Update from the Editors

IMAGE FROM STONE & FLESH BY JYOTI ARVEY, ORIGINALLY PUBLISHED IN LOOKING FOR LENIN, NEILS ACKERMANN AND SÉBASTIEN GOBERT (FUEL PUBLISHING, 2017). PHOTOGRAPH BY NIELS ACKERMANN, TAKEN IN SLOVYANSK, UKRAINE, ON SEPTEMBER 15, 2015.

UPDATE FROM THE EDITORS, May 17, 2022:

Like most deaths, our magazine’s was sudden. Ultimately, no final issue was assembled, but the spirit of creation-alongside-mourning embodied in our final dissolution’s cadaverous prompt (see here) continues to chill our bones, haunting much of the work we do in Dissolve’s current iteration, and elsewhere …

Looking back, we fondly remember the community that emerged around Dissolve: our launch parties, a fundraising event full of artist-made merchandise and giveaways, many late night editing marathons, back-and-forth and in-depth correspondence with artists and writers, and the innumerable insights and creative projects that coalesced through the project.

Dissolve was on an extended hiatus from 2019-2021 and is pleased to return with new projects, offerings, and a fresh digital patina. Take a wander through our website, full of Happenings (news), Musings (essays, interviews, and reviews), a Salon (of offerings), and Past Issues, some of which we have recollected and re-released here. Like the “stone and flesh” of Soviet statuary described in Jyoti Arvey’s piece for the Bureau of Longitudes, we discovered many of our announcements and a few projects that should have been issues but had fallen somewhere offscreen at the time they were created. Our sixth and seventh issues come out of this process of restoration.

The collection of essays found in Issue 6, retitled Pre/histories of Protest, were received with the intention of creating a response to the one-year anniversary of the Women’s March on Washington of 2017. Essays trickled in around the time of the launch, which were posted to Trace, but others took form months later. Reassembled here and assigned their original date, the four pieces constitute a fascinating dive into our thoughts on protest and patriarchy at the end of the first year of a presidency that reoriented our lives and senses of time, urgency, and anger.

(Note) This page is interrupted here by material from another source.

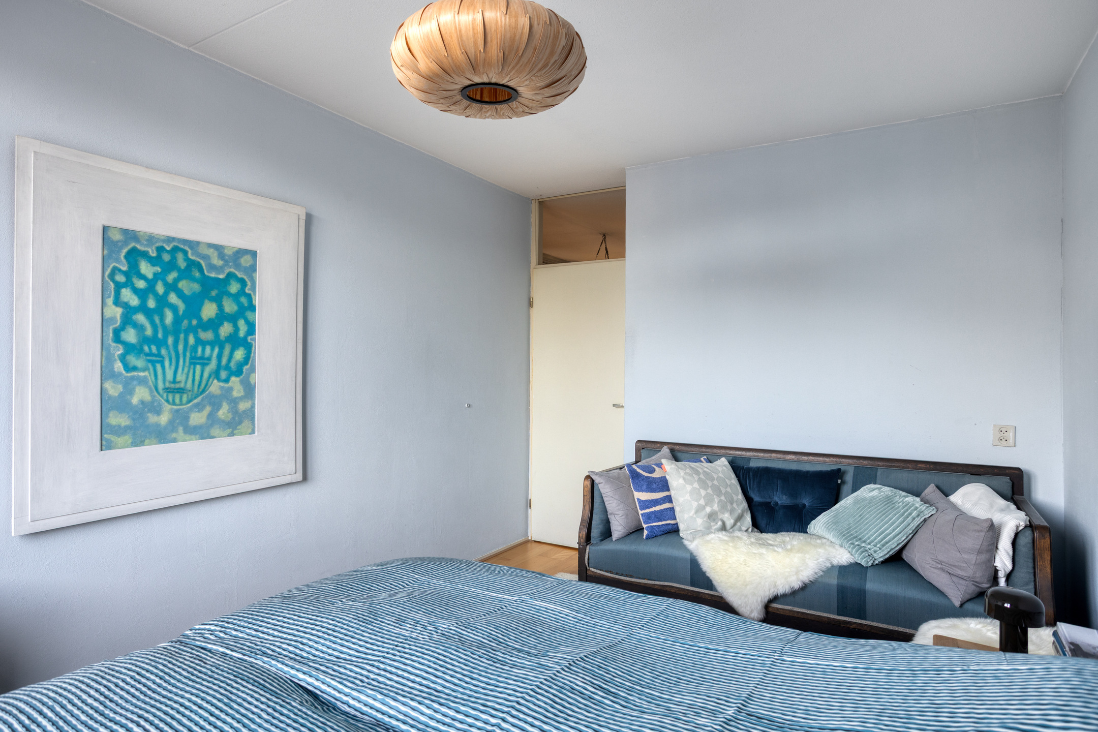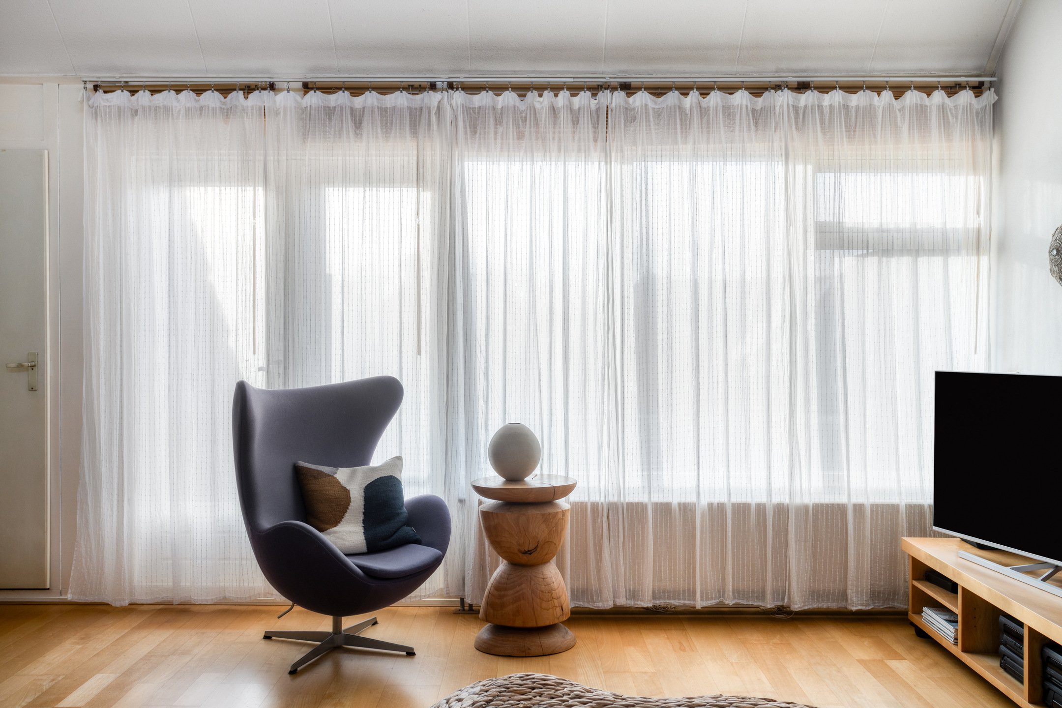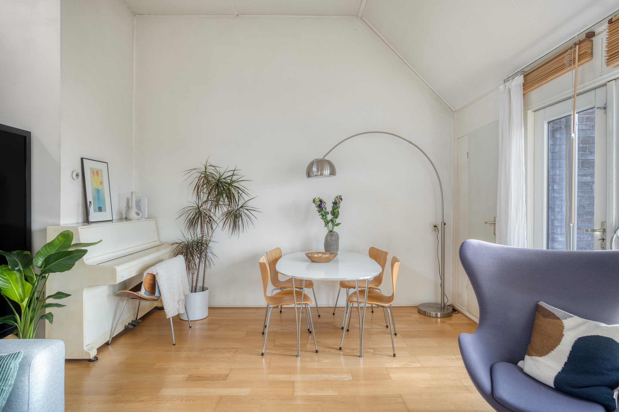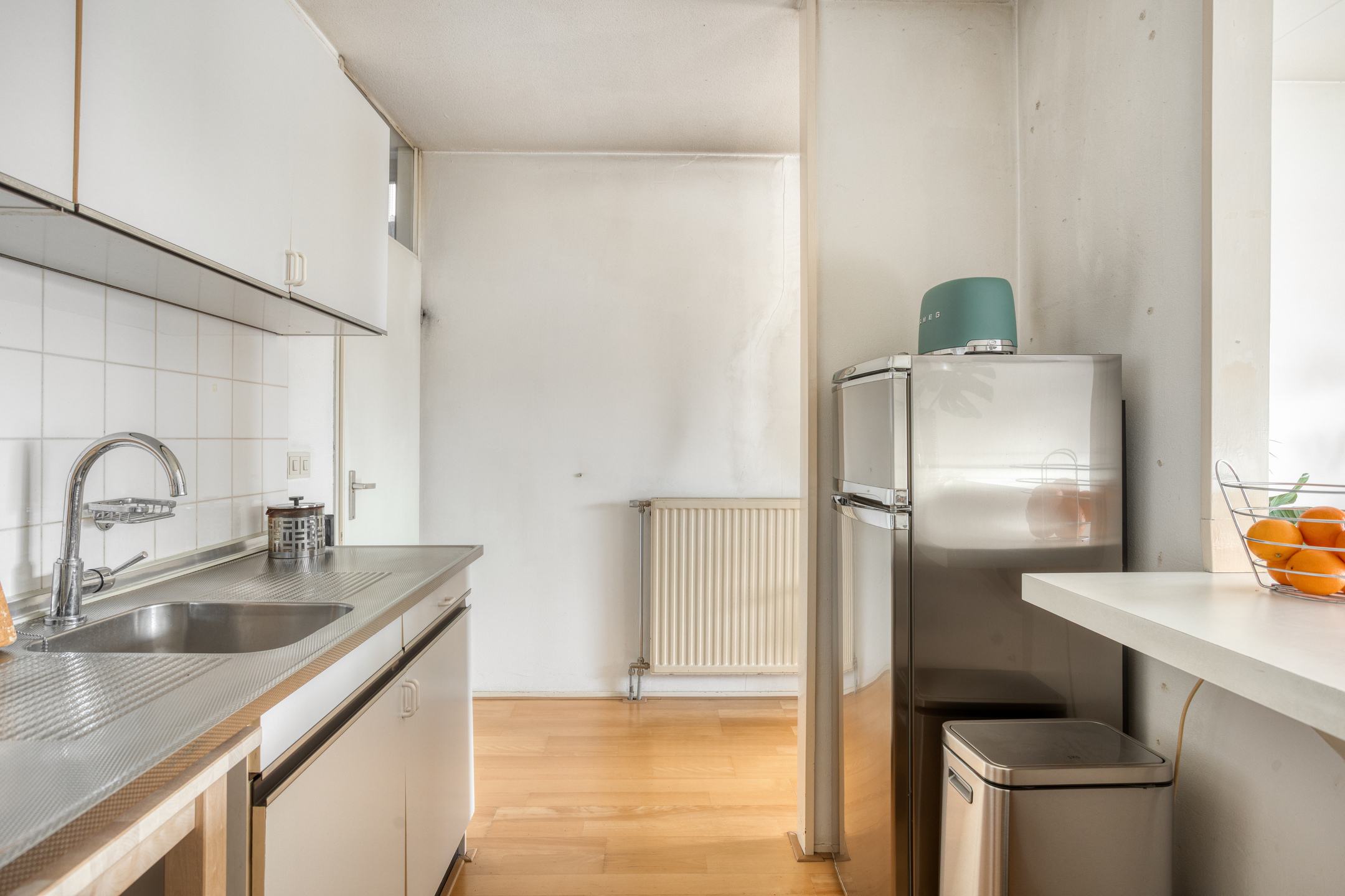 De woonkamer aan de voorzijde is zonder twijfel het hart van het appartement. De hoge plafonds zorgen direct voor een verrassend ruimtelijk effect, terwijl de grote raampartijen aan de voor- en bovenzijde zorgen voor veel daglicht en een vrij gevoel. De ligging op de bovenste verdieping maakt dat je hier niet alleen rust ervaart, maar ook meer lucht, licht en privacy dan gebruikelijk. Vanuit de woonkamer stap je het balkon op, een fijne plek om even buiten te zitten en van de hoogte en de omgeving te genieten. In de woonkamer bevindt zich bovendien een praktische bergkast, ideaal voor extra opbergruimte zonder dat dit ten koste gaat van de leefruimte.

Issue 7: The Bureau of Longitudes was established as an offsite “exploratory office” of Dissolve with its own graphic design scheme and a separate website. Functioning as a site for archiving accounts of place, the project was organized by each topic’s degrees of latitude and longitude. This Bureau might be imagined as a cyclical catalog of the globe, or perhaps an encyclopedia in the round. Upon its first volume, the Bureau delved into research on the absurdities and contradictions of globally-organized space with six articles and artist projects that considered the architectures and hierarchies of locales around the globe. In 2021, discovering that its original website had become defunct, our editor Christopher Squier migrated the volume to Dissolve where it has taken its place as our seventh issue.